Summer options frustrate:

editorial cartoon
Illustration by Stevi Breshears.

Staff Editorial:

Some days, college seems to be a never-ending barrage of classes. As you finish one fast-paced set of eight-week classes, another round is already barreling down the tracks.

The best news you could possibly hear when sitting with your adviser is, “Yay! You will be finished with your degree plan this coming May!” The worst thing you could hear is, “Well… it looks like you haven’t taken class XYZ and that class is only offered during the spring. I guess you’ll have to wait until next year to graduate.”

How infuriating.

What can be done? We are glad you asked.

We, the Ranger staff, believe it’s time that AC begin offering more classes during the summer break so that students can complete faster and with less frustration.
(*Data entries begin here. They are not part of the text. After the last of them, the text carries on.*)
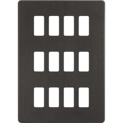 Designed and finished to coordinate with the Screwless Switches and Sockets range. 12G Screwless Grid Faceplate - Use in conjunction with 1 x GDS004F (sold separately) FOR USE WITH SCREWLESS GRID SYSTEM ONLYTechnical Specification:Projection (mm): 3.5Construction: Premium grade steelFinish: Smoked BronzeIP Rating: IP20Earth Terminal: NoDimensions: Height: 208mmWeight: 0.202KgWarranty: 15 Years
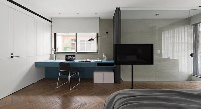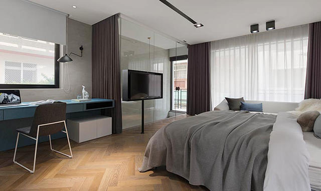 幾乎和一樓工作區域相同坪數的寬敞主臥,是設計總監私人的休憩場域,強調不需要過於裝飾的概念,甫上樓運用大面積玻璃做為隔間,創造視覺穿透效果,另外空間必備的電視則安裝鐵柱架懸掛電視,成為毫無阻擋的存在,機上盒改為紅外線操控,讓整體空間更為簡潔俐落。
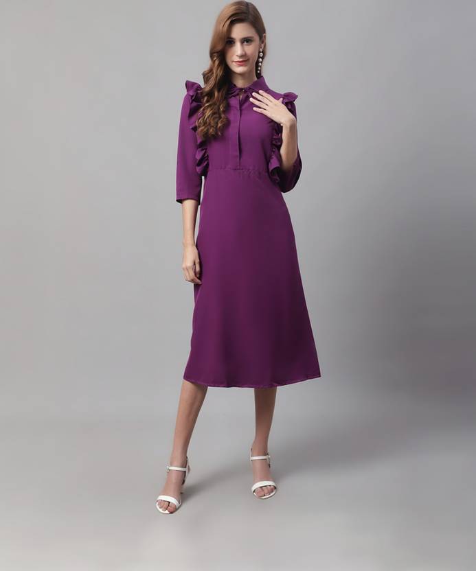 Enchanted Drapes Women A-line Purple Midi/Calf Length Dress

We realize that offering more classes during the summer is a tricky proposition.

On one hand, classes that were offered during the summer terms did not make critical mass due to low enrollment. On the other hand, major-specific classes that students need to graduate were not offered.

So, what are we going to do? How do we break this vicious cycle?

For starters, students need to let their voices be heard. As you look through your degree plan and determine what classes you need to complete your degree, you need to work together with other students and your adviser to let the college know that you want more classes added to the list of options available during the summer.

In order to be well prepared to let your school know what your needs are, using the new online student planner will help you gather the information necessary to present your case.

This new online planner allows you to schedule your classes for the duration of your time at AC and it also lets the school know what classes students need.

AC needs to lower the number of students needed for a class to meet. Smaller classes allow the students and instructors to have more quality time interacting and learning from each other.

The smaller class sizes also give those classes an opportunity to make that might not have enough students to meet critical mass otherwise.

We have to work together to find a solution to this summer dilemma.

1 Comment

  1. Good editorial, although there are some factors not addressed, such as whether enough faculty are available in the summer and the fact that paying an instructor to teach a small class costs the college more money.